具有未知值函数和动力学特性的线性二次控制是一个极具挑战性的问题，现有的研究大多集中在调节问题上，无法处理跟踪问题。为了解决具有未知值函数的连续时间系统的线性二次调节和跟踪问题，本文开发了一种折现逆强化学习（DIRL）方法，该方法继承了强化学习（RL）的模型无关性。更具体地说，我们首先制定了一个使用DIRL求解线性二次控制的标准范例。为了恢复值函数和目标控制增益，精心构造了误差度量，并采用准牛顿算法将其最小化。在此基础上，提出了三种DIRL算法，包括基于模型的、无模型的策略下算法和无模型的策略上算法。后两种方法依赖于专家的演示数据或在线观测数据，不需要事先了解系统动力学和价值函数。深入分析了多解的稳定性、收敛性和存在条件。最后，通过数值仿真验证了理论结果的有效性。

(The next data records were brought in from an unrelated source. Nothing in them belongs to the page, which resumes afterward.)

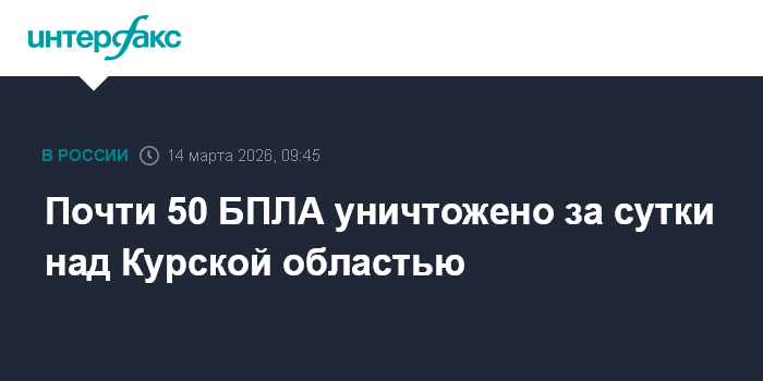 Почти 50 БПЛА уничтожено за сутки над Курской областью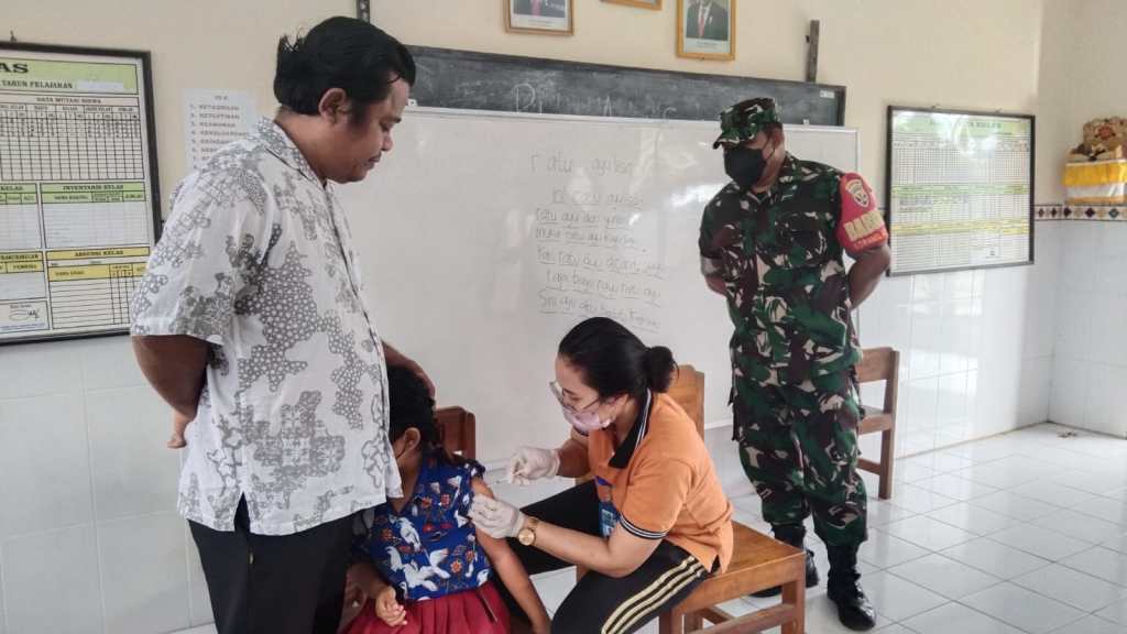 Babinsa Mendoyo Dauh Tukad Koramil 1617-02/Mendoyo saat dikonfirmasi mengatakan diberikannya vaksinasi kepada siswa SD bertujuan untuk membentuk Immunitas (kekebalan tubuh) anak secara individu dan eradikasi atau pembasmian suatu penyakit dari penduduk suatu daerah.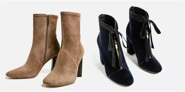 zara新款水磨皮靴和天鹅绒短靴,粗跟设计,适合搭配短裙、短裤或者长款T恤。参考价格:¥799,¥459
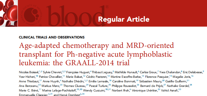 文献来源:Boissel N, Chevret S, Huguet F, Leguay T, Hunault M, Graux C, Chalandon Y, Delabesse E, Hicheri Y, Chevallier P, Balsat M, Pastoret C, Escoffre-Barbe M, Pasquier F, Joris M, Thiebaut A, Huynh A, Dhédin N, Lemasle E, Bonmati C, Maury S, Guillerm G, Berceanu A, Manz M, Cluzeau T, Turlure P, Rousselot P, de Prijck B, Grardel N, Béné MC, Lafage-Pochitaloff M, Cuccuini W, Ifrah N, Lhéritier V, Asnafi V, Clappier E, Dombret H. Age-adapted chemotherapy and MRD-oriented transplant for Ph-negative acute lymphoblastic leukemia: the GRAALL-2014 trial. Blood. 2026 Feb 19;147(8):821-833. doi: 10.1182/blood.2025029611. PMID: 41135009.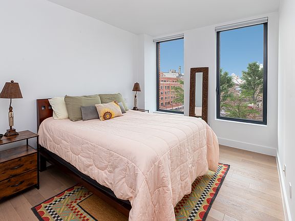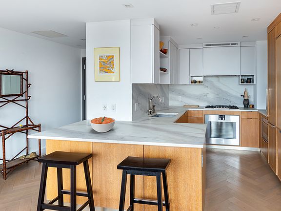 This stunning new development condominium offers west-facing river and skyline views, brilliant light, incredible sunsets, and high-end finishes throughout. Enjoy a spacious living/dining area, oversized chef's kitchen with Gaggenau appliances, marble countertops, wine storage, and custom cabinetry. Both bedrooms are generously sized, with the primary suite featuring a spa-like bath with radiant heated floors and custom closets. Additional features include wide-plank white oak herringbone floors, multi -zoned central AC and washer/ dryer in unit.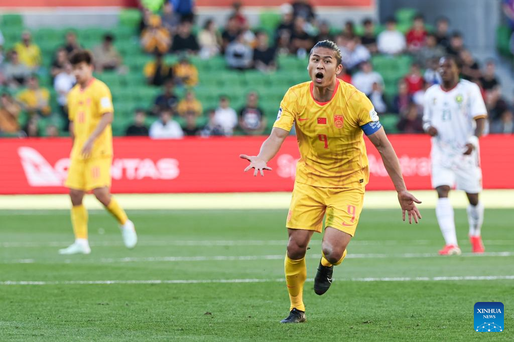 Zhang Yuning of China reacts during the FIFA Series 2026 International Friendly Match between China and Cameroon in Melbourne, Australia, March 31, 2026. (Photo by Jin Cheng/Xinhua)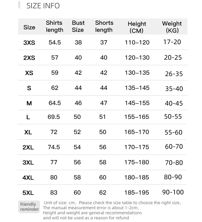 Kids size 3XS: suitable for kids height 110-120cm, weight 17-20kg;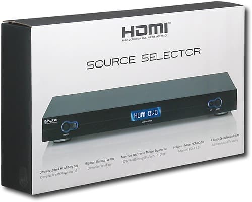 With TVs, receivers, stereos, video game consoles, DVD players and more, your home entertainment center can quickly become a giant mess. The most impressive entertainment centers offer complete access to their components with ease and reliability. Nobody wants to unhook cables from one source and plug them into another, over and over again. With this HDMI Switcher, those days are gone for good.The HDMI Switcher lets you switch between four HDMI and/or digital optical audio sources. Featuring a gold connection, you can be assured you're getting a high-quality product. With a programmable LCD display, a component-sized case and a 3.3' HDMI cable, you're getting the HDMI 1.3-compliant switcher you need to efficiently connect the components of your entertainment center.169.99

本文章由计算机程序翻译，如有差异，请以英文原文为准。

求助全文

约1分钟内获得全文去求助

来源期刊

IEEE Transactions on Cybernetics COMPUTER SCIENCE, ARTIFICIAL INTELLIGENCE-COMPUTER SCIENCE, CYBERNETICS

CiteScore

25.40

自引率

11.00%

发文量

1869

期刊介绍： The scope of the IEEE Transactions on Cybernetics includes computational approaches to the field of cybernetics. Specifically, the transactions welcomes papers on communication and control across machines or machine, human, and organizations. The scope includes such areas as computational intelligence, computer vision, neural networks, genetic algorithms, machine learning, fuzzy systems, cognitive systems, decision making, and robotics, to the extent that they contribute to the theme of cybernetics or demonstrate an application of cybernetics principles.